= Alison Watt (writer) =

Canadian writer, and painter (born 1957)

Alison Watt (born 1957) is a Canadian writer, and painter born in Winnipeg, Manitoba, Watt grew up in Victoria, British Columbia. She studied biology (BSC) at Simon Fraser University and Creative Writing (MFA) at the University of British Columbia. She has worked as Education Coordinator at the VanDusen Botanical Garden in Vancouver, a tour leader in Central and South America, and a naturalist aboard the west coast schooner Maple Leaf, sailing among British Columbia's Gulf Islands, Haida Gwaii, the Great Bear Rainforest, and Alaska. She has taught art to adults since 1995, in her studio on Protection Island, Nanaimo, British Columbia, in other venues. Since 2020 she has offered courses online, through her business ARTWORK ARTPLAY.

==Career==
Watt's book The Last Island: A Naturalist's Sojourn on Triangle Island is a memoir about life and death on a remote seabird colony. The book won the Edna Staebler Award in 2003. She is also an award-winning poet. Her first book of poetry, Circadia, was published in 2006 by Toronto's Pedlar Press. In this collection, scenes of ordinary life unfold in a backdrop of light cycles, tides, and weather, and attempt to capture the lyricism of the processes of nature. Some are set in an Amazon Research station and explore taxonomy and diversity. In others, she moves past nature as a backdrop to delve more deeply into its inner, often invisible workings, such as photosynthesis and pollination, to release them from the language of science. Her novel, Dazzle Patterns set in Halifax during and after the explosion of 1917, and in the battlefields of France, is a story about loss, the resilience of the human spirit, and the transformative power of art. It was a finalist for the Amazon Canada First Novel Award.

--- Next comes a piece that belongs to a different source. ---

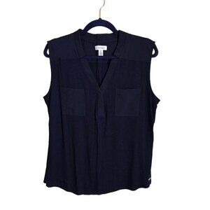 Calvin Klein Navy Sleeveless Blouse Jersey Knit Size M

Dazzle Patterns The book was a shortlisted finalist for the 2018 amazon.ca First Novel Award. Watt has illustrated her published books.

A fine artist, she has had many solo and group shows. Her work ranges from formal watercolour botanicals reflecting the blend of science and art of her background, to large semi-abstracts in acrylic. She has given numerous courses in botanical painting at Malaspina University-College in Nanaimo. In addition she has taught watercolour and acrylic painting in her studio on Protection Island.

== Awards ==
- 2002 – "Edna Staebler Award for Creative Non-Fiction" for a Canadian writer's first or second book
- Backwater Review poetry prize
- subTerrain magazine poetry prize
- Bliss Carman competition – 2nd place

==Bibliography==
- The Last Island: A Naturalist's Sojourn on Triangle Island. Harbour Publishing.
- Circadia. Pedlar Press.
- Poems from the Basement. Leaf Press.
- The Invention of Birds. Leaf Press.